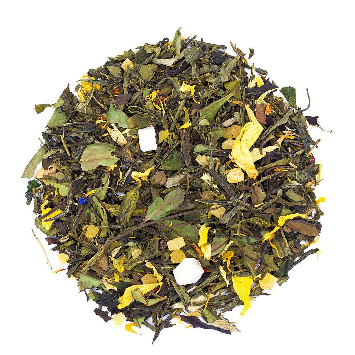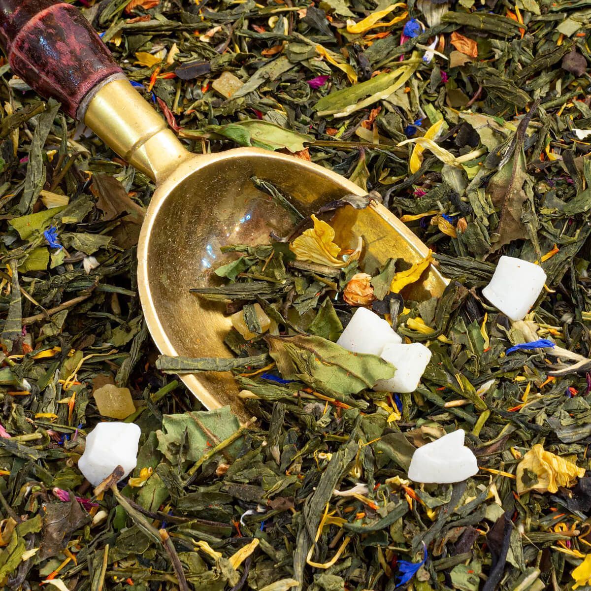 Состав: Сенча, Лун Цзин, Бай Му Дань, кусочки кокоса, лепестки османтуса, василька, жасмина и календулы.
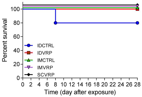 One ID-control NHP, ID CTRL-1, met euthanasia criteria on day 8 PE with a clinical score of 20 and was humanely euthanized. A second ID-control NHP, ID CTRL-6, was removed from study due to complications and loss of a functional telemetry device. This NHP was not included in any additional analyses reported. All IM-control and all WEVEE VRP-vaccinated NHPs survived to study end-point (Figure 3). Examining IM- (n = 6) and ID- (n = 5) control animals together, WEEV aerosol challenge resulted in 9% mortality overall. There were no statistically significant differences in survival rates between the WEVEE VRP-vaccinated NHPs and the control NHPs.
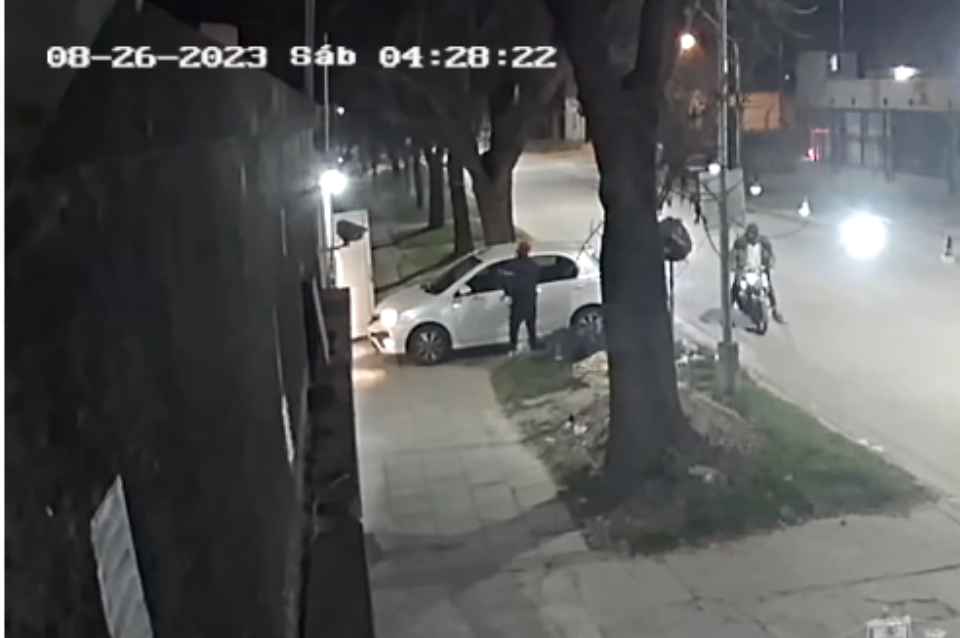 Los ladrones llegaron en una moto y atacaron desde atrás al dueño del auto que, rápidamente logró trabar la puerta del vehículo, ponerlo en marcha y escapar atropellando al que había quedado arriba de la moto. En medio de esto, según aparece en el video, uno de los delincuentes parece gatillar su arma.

☆ ☆ ☆ ☆ ☆

Please reproduce each line of the listing above exactly, skipping pictures.

 Состав: Сенча, Лун Цзин, Бай Му Дань, кусочки кокоса, лепестки османтуса, василька, жасмина и календулы.
 One ID-control NHP, ID CTRL-1, met euthanasia criteria on day 8 PE with a clinical score of 20 and was humanely euthanized. A second ID-control NHP, ID CTRL-6, was removed from study due to complications and loss of a functional telemetry device. This NHP was not included in any additional analyses reported. All IM-control and all WEVEE VRP-vaccinated NHPs survived to study end-point (Figure 3). Examining IM- (n = 6) and ID- (n = 5) control animals together, WEEV aerosol challenge resulted in 9% mortality overall. There were no statistically significant differences in survival rates between the WEVEE VRP-vaccinated NHPs and the control NHPs.
 Los ladrones llegaron en una moto y atacaron desde atrás al dueño del auto que, rápidamente logró trabar la puerta del vehículo, ponerlo en marcha y escapar atropellando al que había quedado arriba de la moto. En medio de esto, según aparece en el video, uno de los delincuentes parece gatillar su arma.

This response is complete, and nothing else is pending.